Sunday, October 21, 2012

Ghost Driver

There's this term used by Germans, which basically means...."Ghost Driver".  For an American, it's an odd phrase, and needs some explanation.

To get onto a German autobahn....there's a entrance, and to get off....there is an exit.  Both have signs and it's more than obvious.

Well....there are Germans who typically drink a bit and aren't grasping the entrances.  So you have some guy who will enter an autobahn on the exit area, and then travel down the autobahn.  Sometimes....oncoming traffic will avoid the guy and things turn out ok.  Most of the time....someone crashes into the guy, and lives are lost.

As far as I know....there aren't statistics collected on this....or the cops just don't want to publish these.  If you asked me how often it occurs in Germany....I'd take a humble guess of six to ten times a year.

Are there people who commit suicide by ghost driving?  Yes.  This has occurred....once in fact by an American in the Kaiserslautern community.

So when you hear the odd phrase, and you've translated it ghost know the general meaning.


tooki said...

You said they don't publish statistics. But they do, and your "humble estimate" is a smidge off: in 2012, there were 1914 Geisterfahrer reports in Germany alone!!! :-O


Letters from Ripley said...

They wrote stat's....but this didn't get into Wiki or via ADAC until Jan 2013...check out the citations on the article. I wrote this blog in the fall of 2012, and nothing stood out in Wiki or anywhere else.

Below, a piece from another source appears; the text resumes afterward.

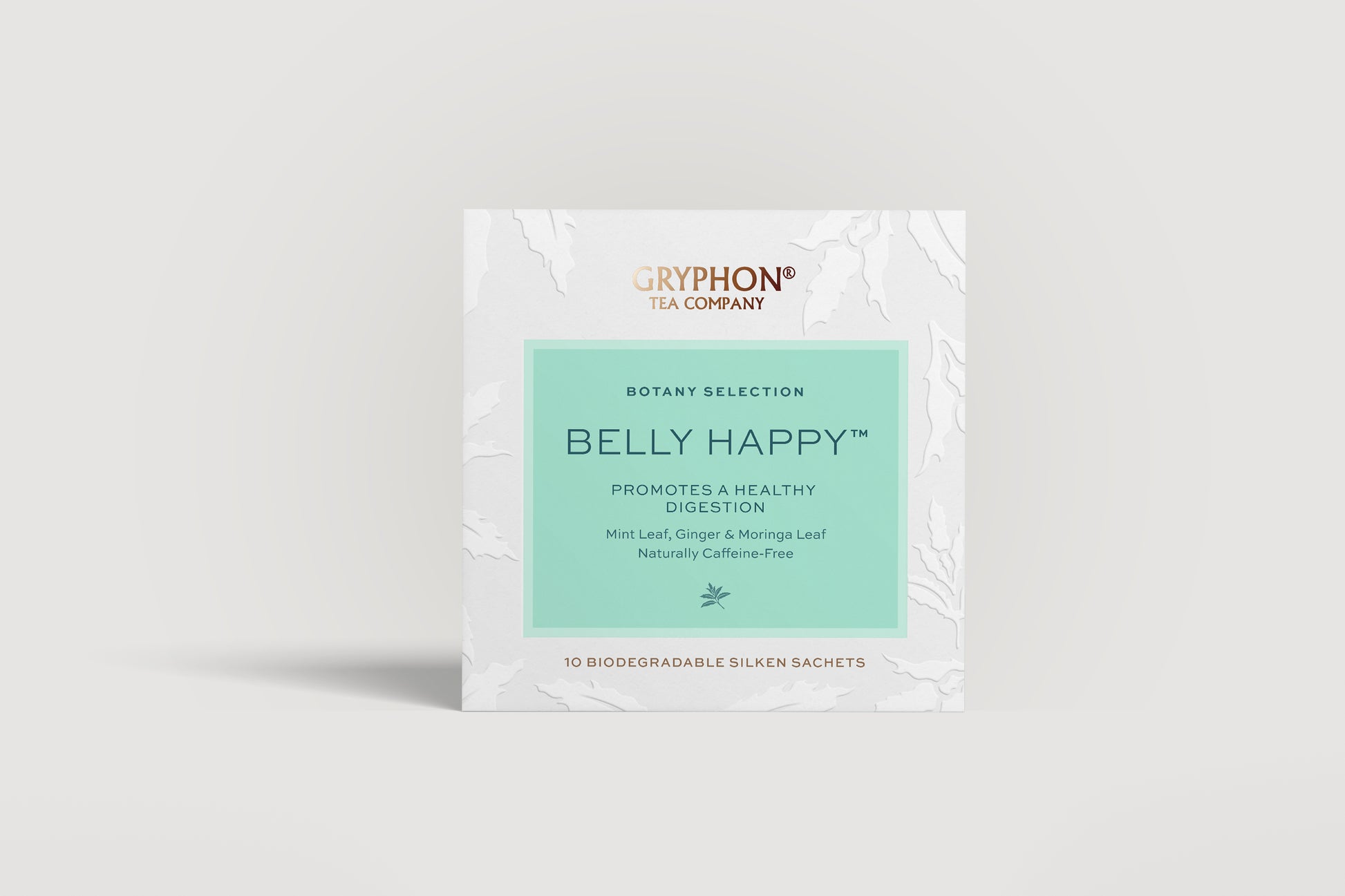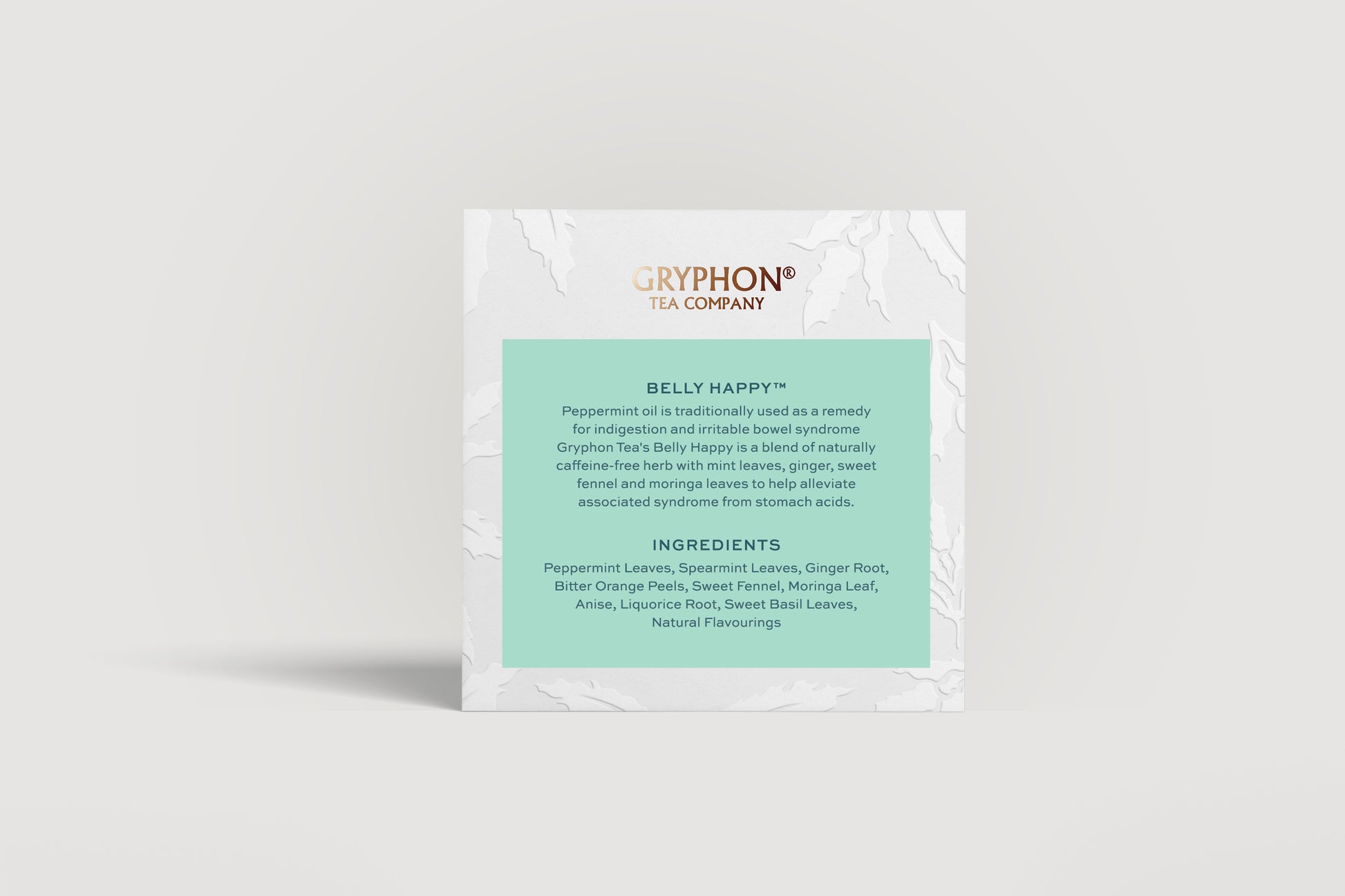 Promotes a Healthy Digestion Peppermint oil is traditionally used as a remedy for indigestion and irritable bowel syndrome. Gryphon Tea's Belly Happy is a blend of naturally caffeine-free herbs with Mint Leaves, Ginger, Sweet Fennel, and Nutmeg Flowers to help alleviate associated syndrome from stomach acids. Gryphon's

That's the problem with modern from two years ago simply isn't the full picture...things change.

tooki said...

I think you missed the main point of my comment... 1914 incidents. I am absolutely shocked that it happens so often.

Letters from Ripley said...

Well, statistically (I enjoy looking at number situations), this means that roughly five-to-six times a day....some ghost-driver situation occurs within the sixteen German states. I would say this...if California (which is same sizing and generally same population) had this kind of'd freak out the public there.

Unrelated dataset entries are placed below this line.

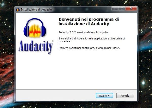 Se vuoi scoprire come mixare la voce con Audacity, il primo passo che devi compiere è collegarti al sito Internet del programma e cliccare sulla voce Scaricate Audacity 2.0.2 per scaricarlo sul tuo PC. A download completato apri, facendo doppio click su di esso, il file appena scaricato (es. audacity-win-2.0.2.exe) e, nella finestra che si apre, clicca prima su Esegui e poi su Sì, OK ed Avanti per quattro volte consecutive. Prosegui dunque facendo click su Installa, Avanti e Fine e al termine del processo d'installazione Audacity si avvierà automaticamente.
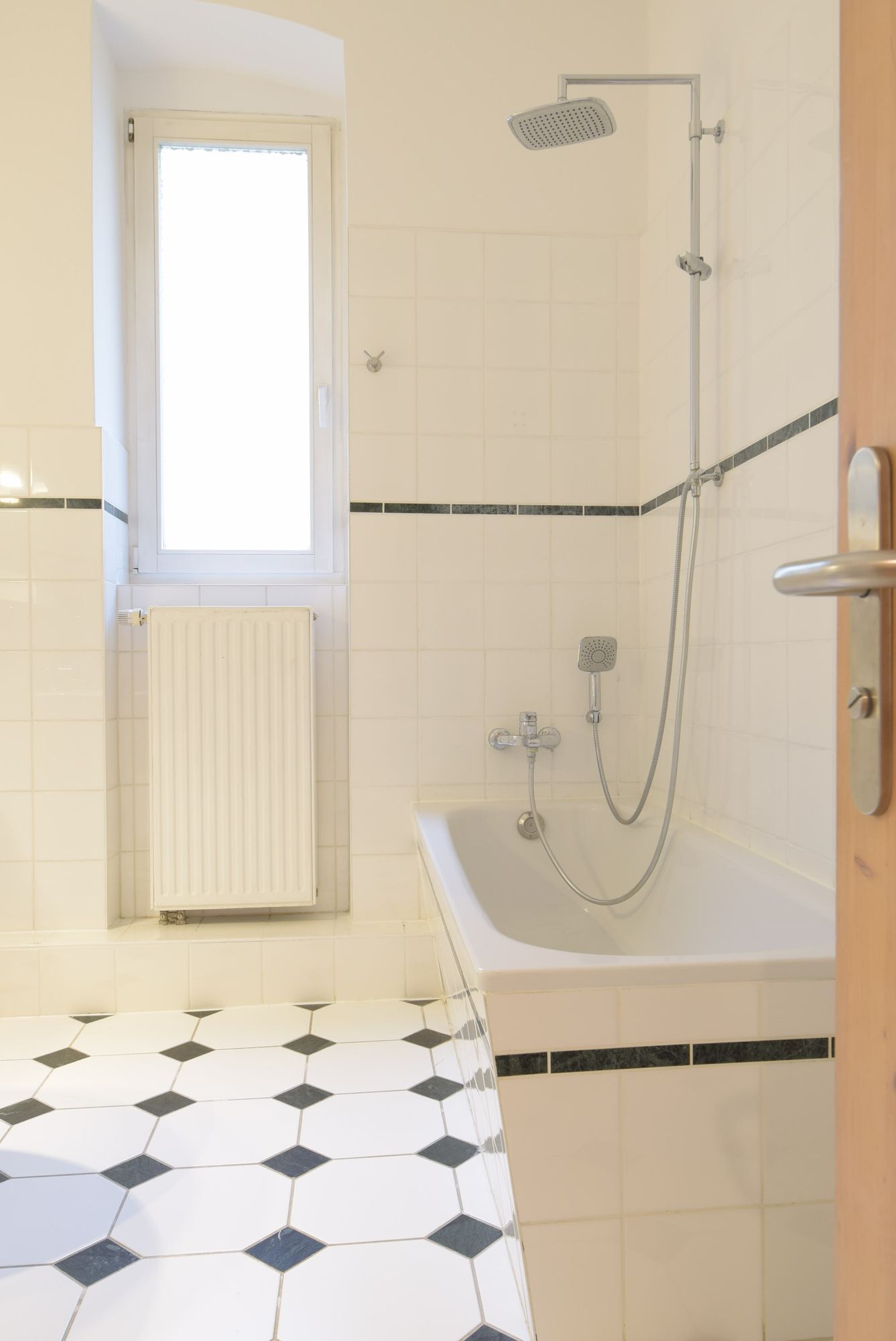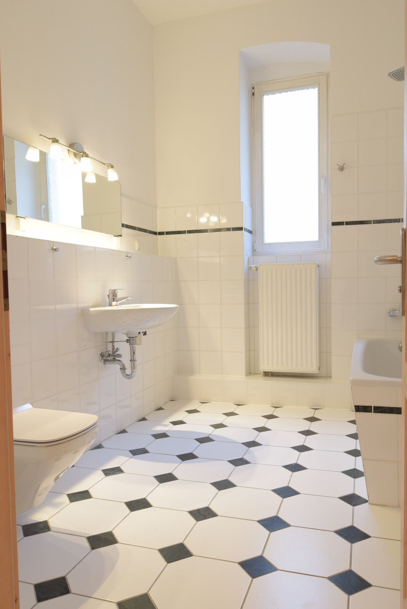 + Badezimmer mit Fenster, schwarz/weißen Fliesen, hängendem WC, Waschbecken, Badewanne/Dusche, Anschluss für Waschmaschine
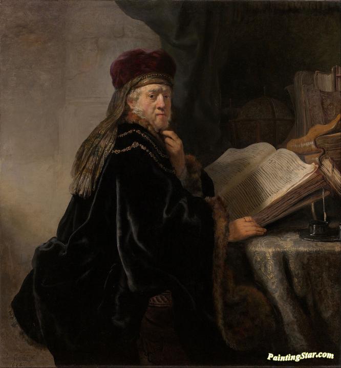 A Scholar Seated At A Desk, Art Painting by Rembrandt van Rijn
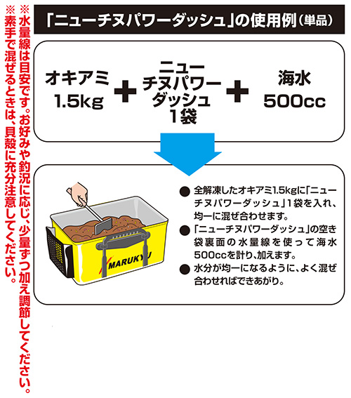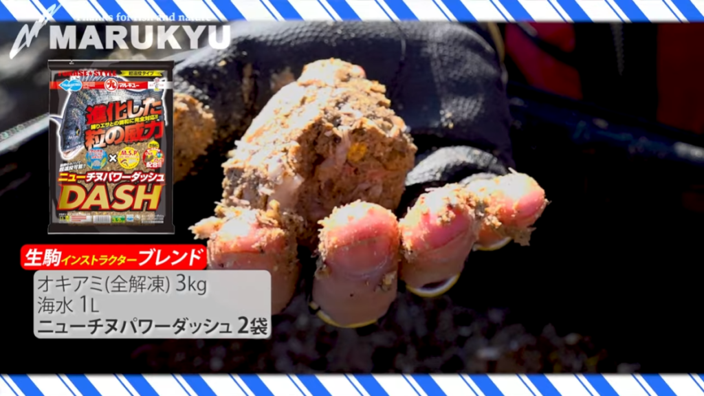 オススメの配合は、ニューチヌパワーダッシュ1袋に対して、オキアミ1.5kgと海水500cc。
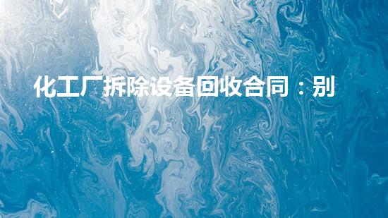很多人觉得设备回收合同嘛,无非是约定个价格、定个日期。但化工厂拆除的特殊性,让这份文件的分远超想象。
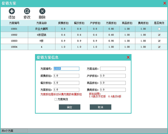 方案折扣:仅在登记入住时选择计费套餐时有效,该折扣对计费套餐总额进行折扣计算。
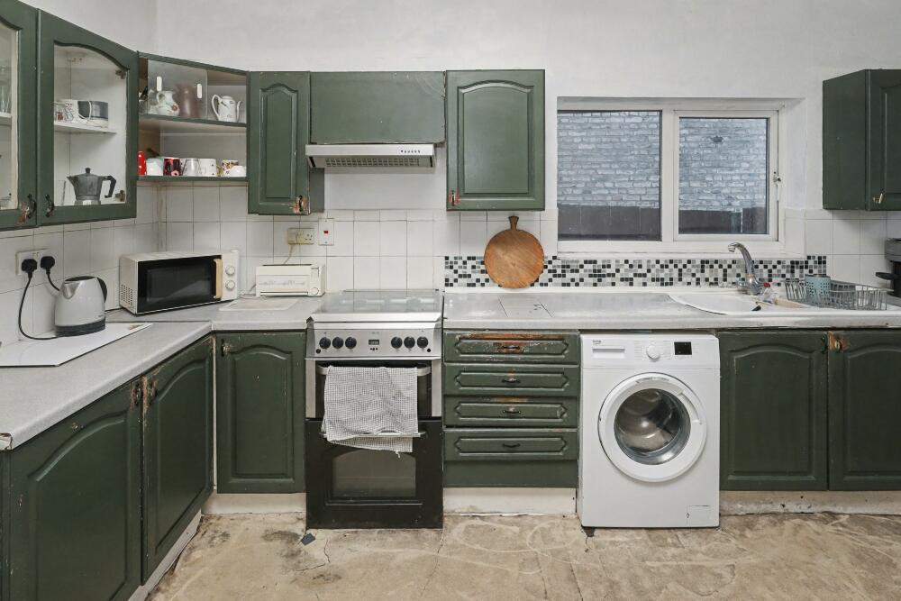 This is a three-bedroom terraced house in Coppetts, Barnet, London. The property is listed for £575,000 by Sail Homes. The house is located in a family-friendly area, close to schools and transportation. However, the property requires significant renovation, as evidenced by the dated kitchen and bathrooms. The house has a garden. The price is reasonable given the condition and location, offering an opportunity for renovation and value addition.
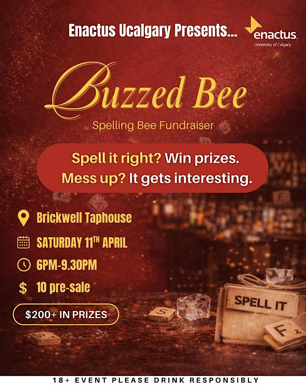 Get ready for a fun night at the Brickwell Taphouse on April 11th, 2026 at 6:00 PM (MDT)! Join us for the Buzzed Bee, the coolest spelling bee hosted by Enactus Ucalgary. Whether you’re here to compete or cheer on friends, expect laughs, friendly competition, and good vibes as well as some prizes!!!

I think there three conditions in Germany which invite this. One...alcohol impairment is probably one of the contributors, although the ADAC guys don't break this out. Second is the complex nature of the autobahn system....where older drivers in unfamiliar areas, will screw up more often. Finally, I'd be wondering about legal prescription drug use in Germany.....which no one ever talks much about (big issue in Florida where car accidents are noted more often than most states).

You would think that ADAC would be curious about this and put some university student up for a one-year research project, to dig into police reports and come to some conclusions. Germans cops report facts....they rarely dig.

metargemet said...

It also has to do with the fact that there are far more foreign drivers on the road in Germany than in the States. Germany has borders with 10(?) different countries, not to mention the fact that you almost always have to drive through Germany to get to somewhere else in Europe.

tooki said...

metargemet: Why would that make any difference?? All of continental Europe drives on the same side of the road as Germany, so the same basic rules of the road apply. As for "the fact that you almost always have to drive through Germany"... so what? That is literally of no importance.